If you are a shareholder in Connected IO Limited’s (ASX:CIO), or are thinking about investing in the company, knowing how it contributes to the risk and reward profile of your portfolio is important. CIO is exposed to market-wide risk, which arises from investing in the stock market. This risk reflects changes in economic and political factors that affects all stocks, and is measured by its beta. Different characteristics of a stock expose it to various levels of market risk, and the market as a whole represents a beta value of one. A stock with a beta greater than one is expected to exhibit higher volatility resulting from market-wide shocks compared to one with a beta below one.
Check out our latest analysis for Connected IO
An interpretation of CIO’s beta
With a beta of 2.18, Connected IO is a stock that tends to experience more gains than the market during a growth phase and also a bigger reduction in value compared to the market during a broad downturn. Based on this beta value, CIO will help diversify your portfolio, if it currently comprises of low-beta stocks. This will be beneficial for portfolio returns, in particular, when current market sentiment is positive.
How does CIO’s size and industry impact its risk?
CIO, with its market capitalisation of AUD A$24.86M, is a small-cap stock, which generally have higher beta than similar companies of larger size. Moreover, CIO’s industry, communications, is considered to be cyclical, which means it is more volatile than the market over the economic cycle. Therefore, investors may expect high beta associated with small companies, as well as those operating in the communications industry, relative to those more well-established firms in a more defensive industry. This supports our interpretation of CIO’s beta value discussed above. Fundamental factors can also drive the cyclicality of the stock, which we will take a look at next.
Is CIO’s cost structure indicative of a high beta?
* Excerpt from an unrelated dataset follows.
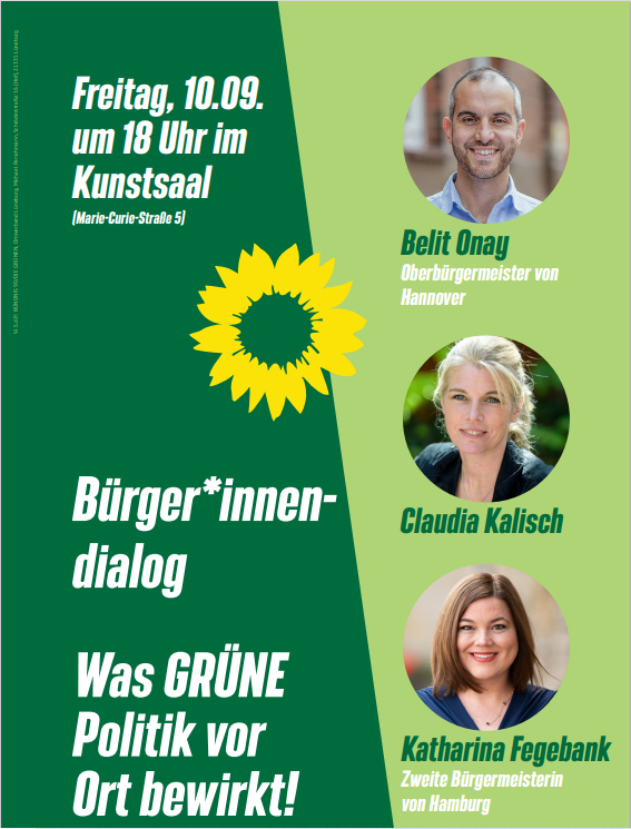 Diese und andere Fragen möchten wir gemeinsam mit euch am Freitag vor der Kommunalwahl diskutieren. Mit dabei Claudia Kalisch, grüne Oberbürgermeisterkandidatin in Lüneburg, Belit Onay, erster grüner Oberbürgermeister in Hannover, und Katharina Fegebank, zweite Bürgermeisterin von Hamburg.

During times of economic downturn, low demand may cause companies to readjust production of their goods and services. It is more difficult for companies to lower their cost, if the majority of these costs are generated by fixed assets. Therefore, this is a type of risk which is associated with higher beta. I examine CIO’s ratio of fixed assets to total assets to see whether the company is highly exposed to the risk of this type of constraint. Considering fixed assets account for less than a third of the company’s overall assets, CIO seems to have a smaller dependency on fixed costs to generate revenue. As a result, the company may be less volatile relative to broad market movements, compared to a company of similar size but higher proportion of fixed assets. However, this is the opposite to what CIO’s actual beta value suggests, which is higher stock volatility relative to the market.